- Opening Delimiter -
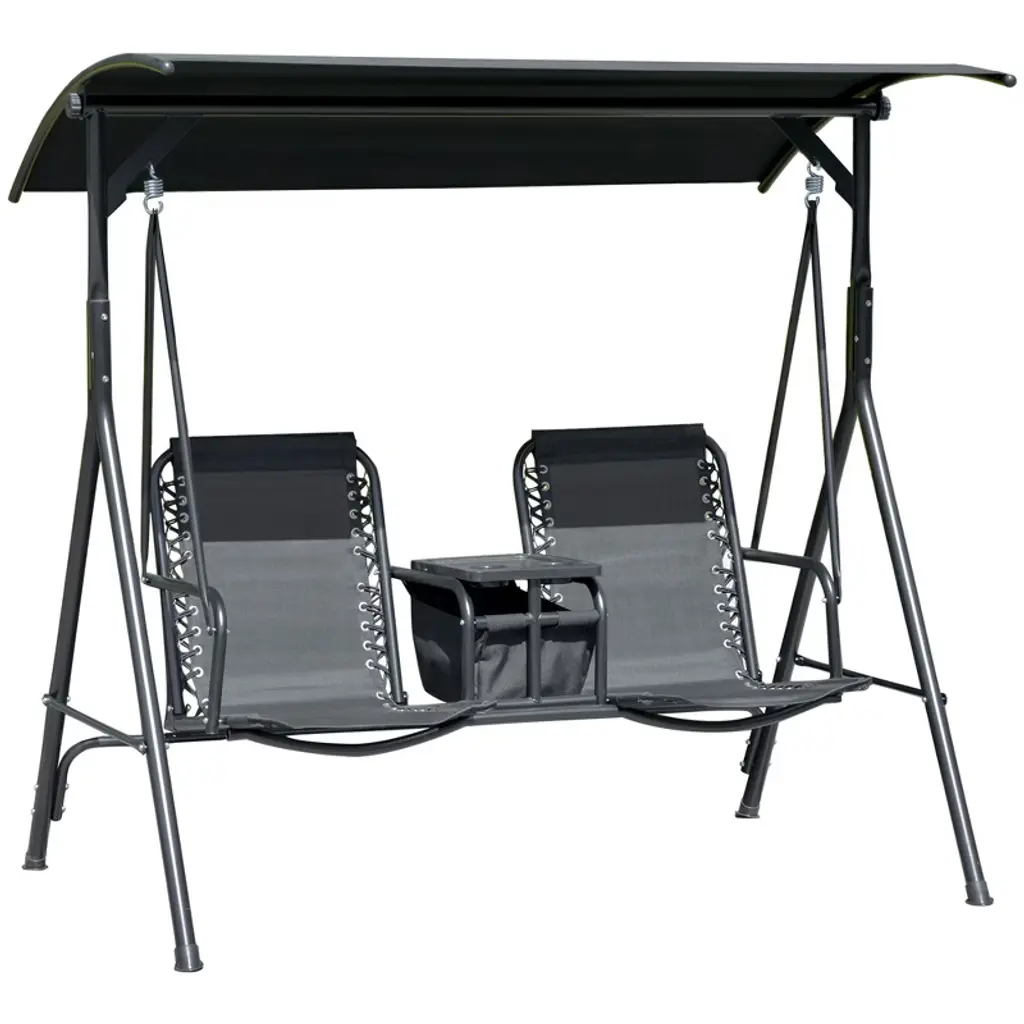 Outdoor Porch Swing Chair: Seats two adults, perfect for sunny summer days to sit back, rock, and enjoy the breeze with a friend. Ideal for patios, poolside, backyard, or balcony.Tilting Sunshade Canopy: Adjustable canopy blocks UV rays, prevents sunburns, keeps you dry in light rain, and reduces glare from any angle.Fast Drying: Made with breathable polyester mesh that drains rain and dries quickly, so you can swing comfortably even on cloudy days.Steel Patio Swing: Constructed from strong load-bearing steel with a stable "A" frame design. Anti-slip foot pads protect surfaces and keep balance.Canopy Porch Swing Info: Overall Dimensions: 67.75" L x 43.25" W x 61" H. Seat Dimensions: 52" W x 17.25" D x 18" H. Weight Capacity: 440 lbs. Assembly required.
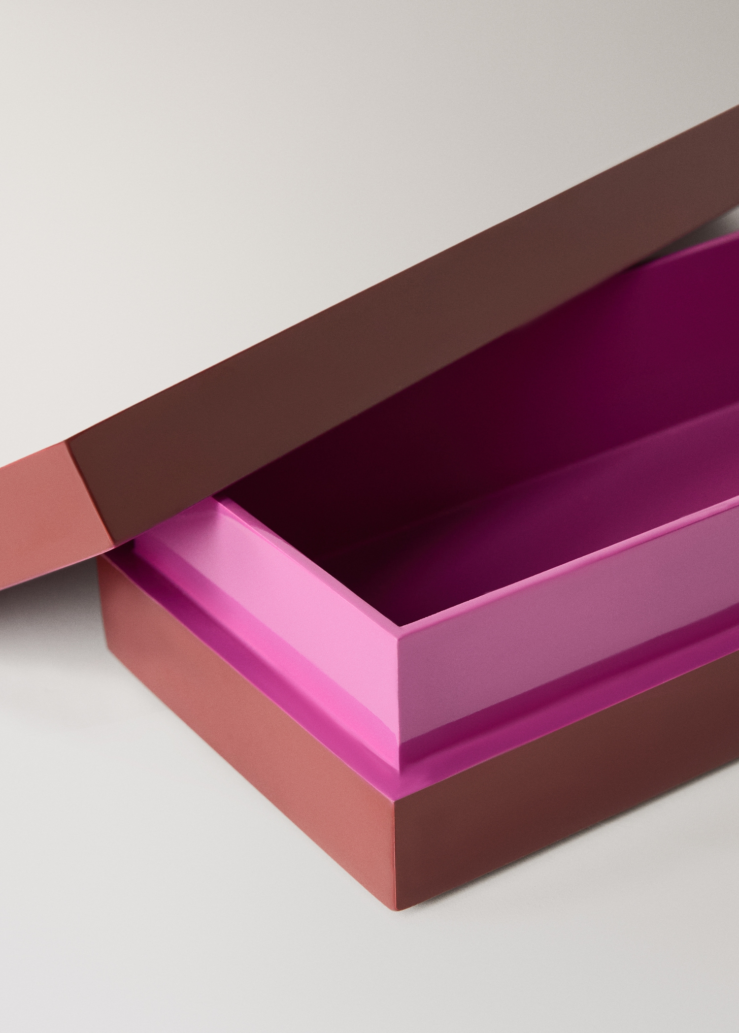 Decorative object. Size: 11x33x6 cm. Two-tone design. With lid. Rectangular shape with a simple, modern design. Serves as storage, a jewelry box, and a decorative piece. Add a colorful and original touch to any space. Coordinates with more items from the collection
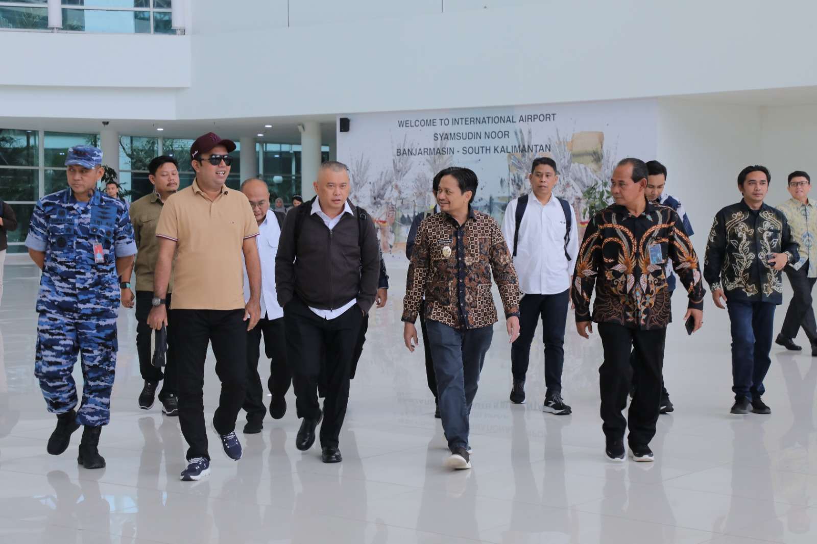 JURNALKALIMANTAN.COM, BANJARBARU — Wakil Gubernur Kalimantan Selatan, Hasnuryadi Sulaiman, menyambut kedatangan Menteri Perhubungan RI, Dudy Purwagandhi, bersama Anggota Komisi IX DPR RI di Bandara Internasional Syamsuddin Noor, Kota Banjarbaru, Kamis (25/9/2025) pagi.
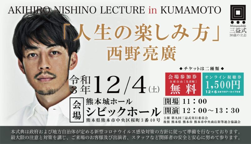 「今回は、12/4熊本城ホールで、漫才コンビのキングコング西野亮廣さんを招き、「人生の楽しみ方」の講演会を無料で開催します!しかも、今回は30歳と限定せずに、年代問わずにどなたでも来て頂いて構いません!」
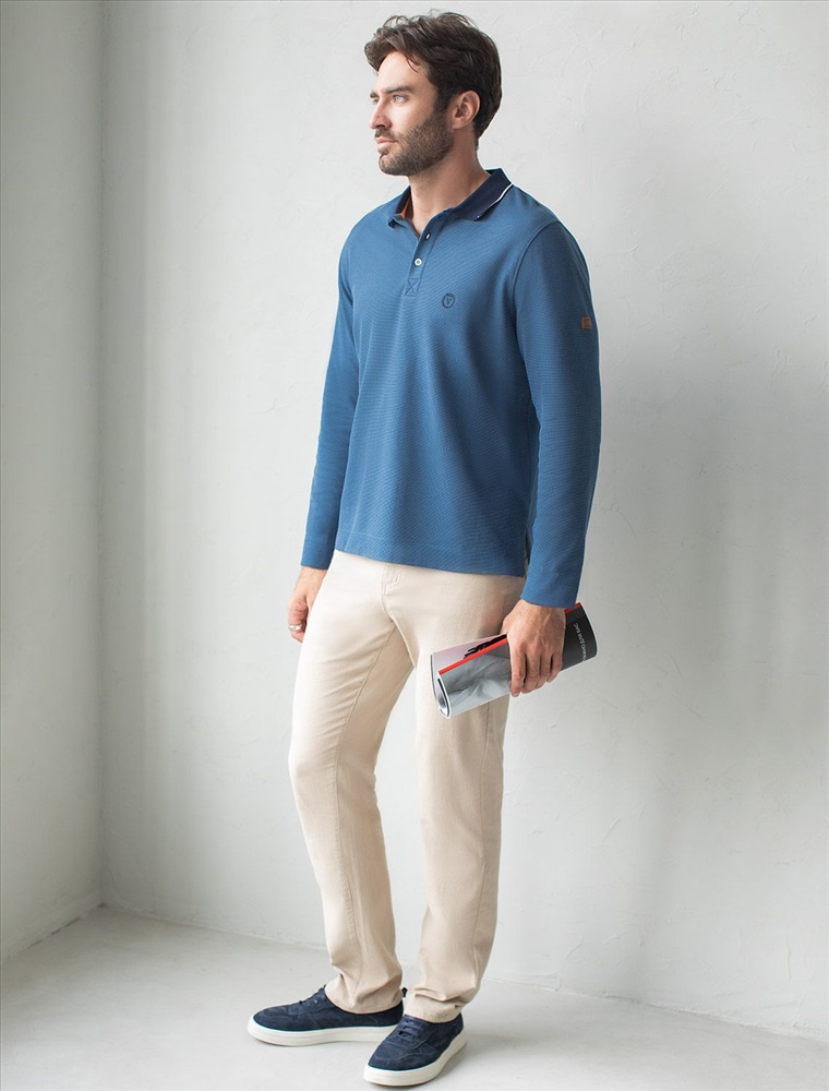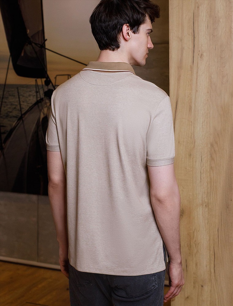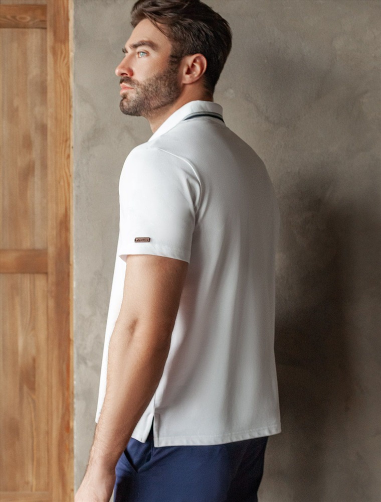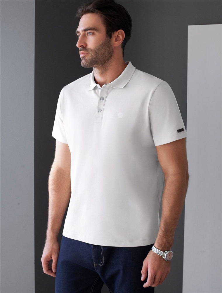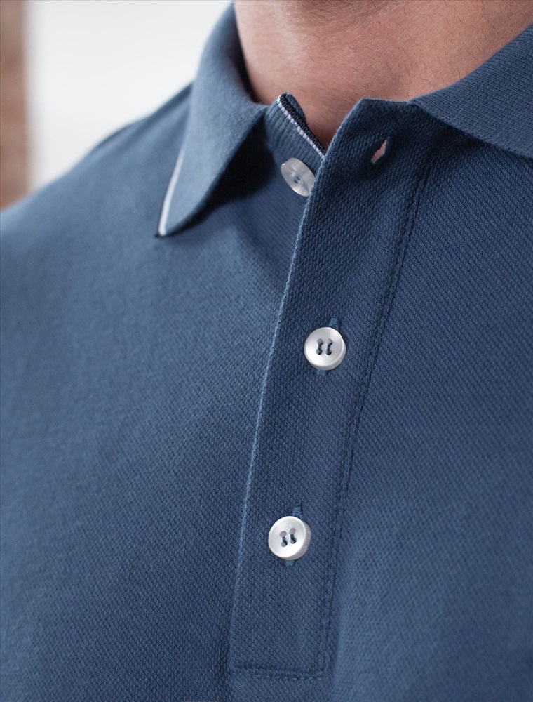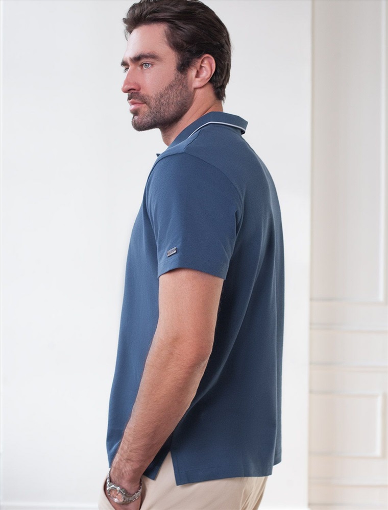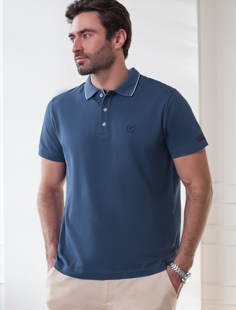 Футболка поло с плетеным воротником на пуговицах из эластичного хлопка
- Closing Delimiter -
**AIM OF THE TASK:** Please return exactly the lines from the one containing "Decorative object. Size: 11x33x6" through the end of the material above, both ends included, but not the pictures.

**SOLUTION BELOW:**
 Decorative object. Size: 11x33x6 cm. Two-tone design. With lid. Rectangular shape with a simple, modern design. Serves as storage, a jewelry box, and a decorative piece. Add a colorful and original touch to any space. Coordinates with more items from the collection
 JURNALKALIMANTAN.COM, BANJARBARU — Wakil Gubernur Kalimantan Selatan, Hasnuryadi Sulaiman, menyambut kedatangan Menteri Perhubungan RI, Dudy Purwagandhi, bersama Anggota Komisi IX DPR RI di Bandara Internasional Syamsuddin Noor, Kota Banjarbaru, Kamis (25/9/2025) pagi.
 「今回は、12/4熊本城ホールで、漫才コンビのキングコング西野亮廣さんを招き、「人生の楽しみ方」の講演会を無料で開催します!しかも、今回は30歳と限定せずに、年代問わずにどなたでも来て頂いて構いません!」
 Футболка поло с плетеным воротником на пуговицах из эластичного хлопка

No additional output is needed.